CHAPTER 1
How is Science Done?
Science is guided by the vast body of scientific laws which have been established through careful experimentation over the past 300 years. Although there is no precise prescription for doing science, there is a general scheme for doing science which is shown in the figure below. Science begins when a natural phenomenon is observed that raises a question for which there is no known answer. Doing science involves thinking of ways to explain the natural phenomenon and answering the question raised. The various explanations invented by a scientist involve a creative process which is based on one’s own personal experiences as well as known scientific laws and theories.

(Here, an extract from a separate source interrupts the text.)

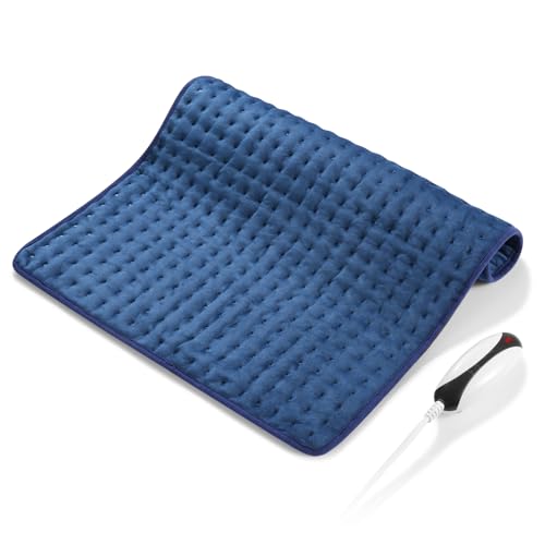 Värmekudde med automatisk avstängning, elektrisk värmekudde 50 x 60 cm med 5 snabbuppvärmningstekniker, överhettningsskydd för rygg, axlar, nacke, mörkblå

Thinking of the initial question to ask about the observed phenomenon, and all conceivable explanations (or hypotheses) to explain the phenomenon are among the most creative moments in doing science.
A hypothesis is based on one's personal life experiences, and can also embody a known scientific theory or law. The combination of a theory or law which applies to the phenomenon under study plus the scientist's proposed hypothesis to explain the phenomenon is called a model. A model can be a statement of a concept, a physical model, a diagram, or a mathematical expression. The process of explaining the patterns and trends in data based on known scientific theory is called modeling the data. One reason that a model is always simpler than the actual phenomenon observed is that the theories and laws are simplifications and generalizations of the patterns observed in nature. The basic premise in science is that knowledge is advanced when a correspondence is found between the model and the observed phenomenon. What is another reason that there can never be an exact correspondence between the model and the observed phenomenon?

The foundations of scientific inquiry in the physical sciences rest on developing the skills to pose a scientific question, to develop, to test and to apply a scientific model that adequately accounts for the observed phenomena. The experiments presented as Personal Lab in this book are intended to help you develop skills of scientific inquiry.